Jimmy Cagney made a habit of spectacular exits. Remember his last words “Look Ma, top of the world” before being blown to bits in White Heat? Then he faked cowardice at the behest of priest Patrick O’Brien so that impressionable youngsters wouldn’t be tempted to follow him to the electric chair in Angels with Dirty Faces. He was quite a hoofer too, but I digress.
My own favourite would have to be Ronald Coleman’s whispered aside as he went to meet Madame Guillotine and lay down his life for a friend during the French Revolution in A Tale of Two Cities. “It is a far far better thing I do than I have ever done. It is a far far better rest I go to than I have ever known.”
You have to be brave, or unlucky, or downright foolish, or belong to the right side to have a good death in a movie. Like Leonardo DiCaprio (Jack Dawson) in James Cameron’s epic Titanic. The remaining 1,500 unfortunates scarcely got a look in as they plunged to their doom. Same with the 300 Spartans who perished at the Battle of Thermopylae, even though, historically, their sacrifice was not in vein.
Who spares a thought for the Indians (Native Americans) who were gunned down in all those old Westerns, or the Zulu warriors who queued up to die while attacking Rourke’s Drift in Zulu, or the gallant enemy crew of Das Boot, or the millions of German and Japanese soldiers who ended up on the wrong side in all those World War epics?
In filming terms they’re as eminently forgettable as the hundreds of luckless victims of Arnold Schwarzenegger, Bruce Willis or Sylvester Stallone. No, you have to be a Gary Cooper in For Whom the Bell Tolls, A Paul Newman in Cool Hand Luke, A Spencer Tracy in Captains Courageous, or one of the leading actors in The Alamo.
I feel there should be an element of surprise, or shock, when a leading character snuffs it in a book or movie. I mean if you went to watch Ingrid Bergman in Joan of Arc, or Mel Gibson playing William Wallace in Braveheart you couldn’t have been too taken aback when they came to a sticky end. Not even Hollywood could alter history to that extent. 
Of course, sometimes writers kill their main characters because they’re bored with them, or want to try something else. Sherlock Holmes came to a sticky end when he plunged over the Reichenbach Falls, only to re-emerge by popular demand three years later when his author was offered ridiculous money to bring him back. And who can forget Patrick Duffy (right) portraying Bobby Ewing’s fantastic re-birth in Dallas, having missed an entire series because wife Pammy had dreamed the whole thing?
Closer to home, the death toll in my own novel Role of Dishonour, due for release in the fall, is fairly high – though scarcely of Schwarzenegger or Stallone proportions. I gave considerable thought to those characters I should kill off, and those I would keep around to fight another day.

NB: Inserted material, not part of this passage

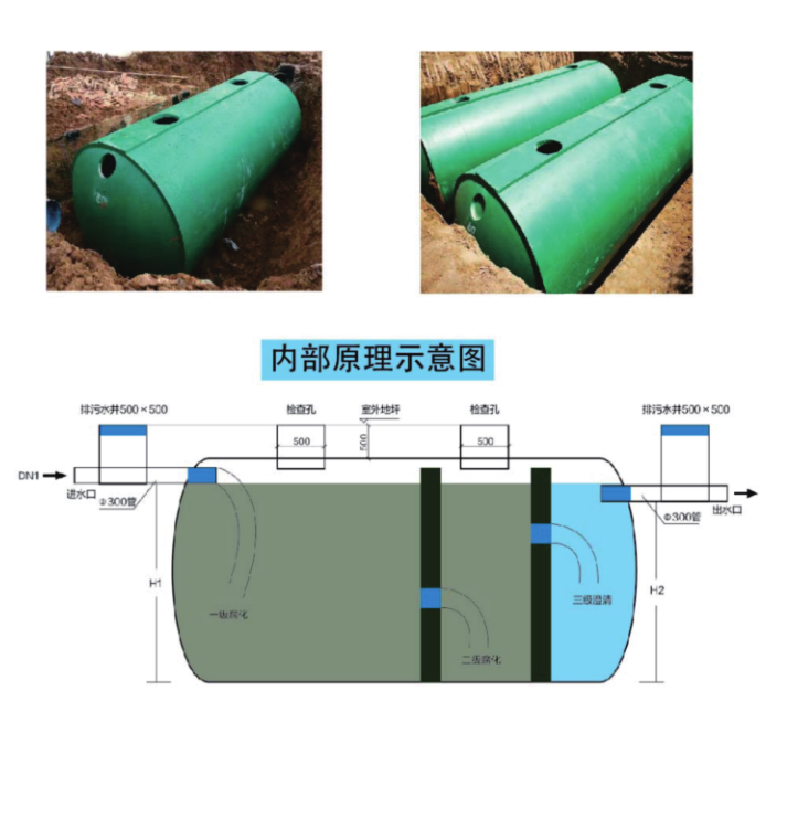 強度高:罐體內設鋼筋加強帶作力學保護,抗壓強度高、承載能力強、耐腐蝕、抗酸堿,經久耐用。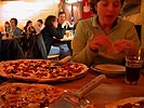 for dinner, julie and i walked down to emma's pizza (kendall square). it took her forever to order, and she ended up going with the make-your-own-pie option (an expensive $20+ large pizza). i debated going large myself, but decided to opt for the small, which at 12" was still a pretty decent size. neither of us could finish and we ended up taking our unfinished slices home. (here's something freaky: check out the names of the couches on this exact day 3 years ago)

The lesson, I believe, is simple. If, as an author, you like your hero or heroine and have further thrills and adventures in mind for them, don’t be too quick to have them come to an untimely end.





2 comments
Tamy Burns
July 13, 2012 at 4:17 pm (UTC 0) Link to this comment
Great thoughts. I too have always hated it when the hero dies! It just seems wrong somehow. One of my most memorable was John Wayne’s “The Cowboys.” Great film, great story, and it had to happen. Even though I did not want it, the story and the lesson demanded it. Right may triumph, but there is always a cost.
Thanks again for sharing, I always love your blog!!
Brad Fleming
July 23, 2012 at 6:59 pm (UTC 0) Link to this comment
Thanks Tamy. I was a huge fan of the Duke too. True, he did come to the occasional sticky end – but he sent a heck of a lot of baddies to the happy hunting ground as well.